As with most criminals who find themselves facing life in prison, Dana Ewell discovered Jesus Christ behind bars. In searching inside himself and discovering God while staring at brick walls and razor wire, Dana inhaled the Scriptures, a process that has made him, so he claims, "A sincere and grateful man who has been greatly humbled, and I am very thankful for this."
Dana's entire family—mother, father, sister—were murdered. It was the spring of 1992 (the Lenten season, in fact). They were shot by a hired assassin at pointblank range with an AT-9 assault rifle, taken out like Mafioso targets as they went about life in the confines of the Fresno home Dana had shared with them.
But don't look at Dana as the shooter; he was two-and-a-half hours away at the time of the murders.
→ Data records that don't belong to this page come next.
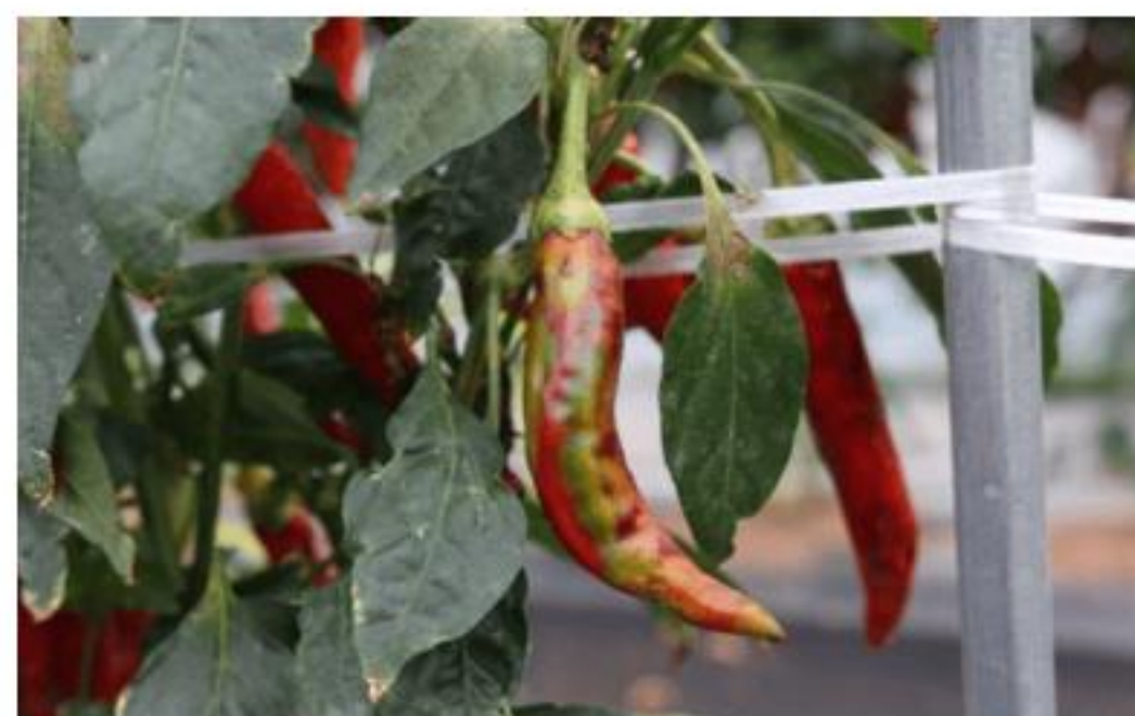
【TSWV 발생 고추 열매】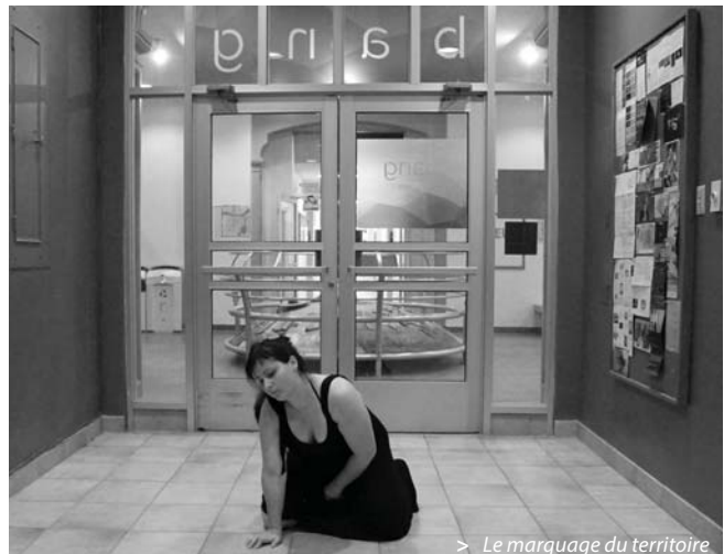
> Le marquage du territoire

> Caroline Fillion, actions furtives, centre d'art actuel Bang, 2014, durée 6 h. Aucun public n'est venu, car il n'était pas invité.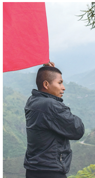
La Guardia Indígena sigue defendiendo su territorio de la presencia de grupos armados y narcotraficantes.

“En el Cauca hay 16 o 13 grupos armados, dependiendo de donde se para uno. Cada uno tiene 100 militantes o 1.300 hombres armados. Si el 95 % de los excombatientes en el Cauca están [acogidos al proceso de paz], solamente tenemos 30 embolotados. Es decir, que los 1.200 son personas de la comunidad que no tienen alternativas y que han encontrado en la guerra una forma de sobrevivir”, añade.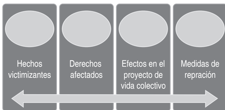
Gráfico 1: Itinerario y elementos del proceso de reparación colectiva del sindicalismo

Transformaciones en el contexto favorables al ejercicio de la actividad sindical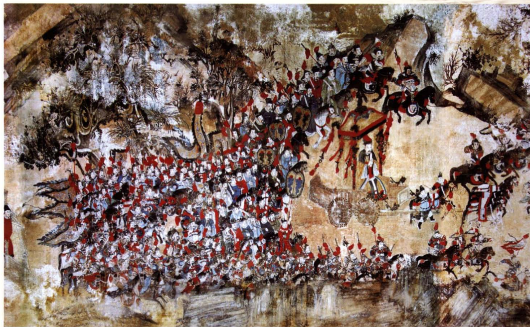
泰山岱庙天贶殿壁画《泰山神启蛰回銮图》局部

"God allowed some extraordinary events to occur in my life," Dana wrote on that same Web site, alluding to, obviously, the murders—how 'bout that: the guy's family is savagely hunted down like rabid animals and he refers to the murders as extraordinary events—of his family, "that completely broke me down and rebuilt me back up in the love of Christ. I rededicated my life to Christ ... and I have never been happier since! I am so completely 'free on the inside,' despite being in prison. For me, to live is to love, and to 'let my light shine' in any and all circumstances, because my happiness and joy are based on faith, and faith alone."
Dana's story, like most of them, is one of great tragedy—and begins, fundamentally speaking, in the place where Dana grew up.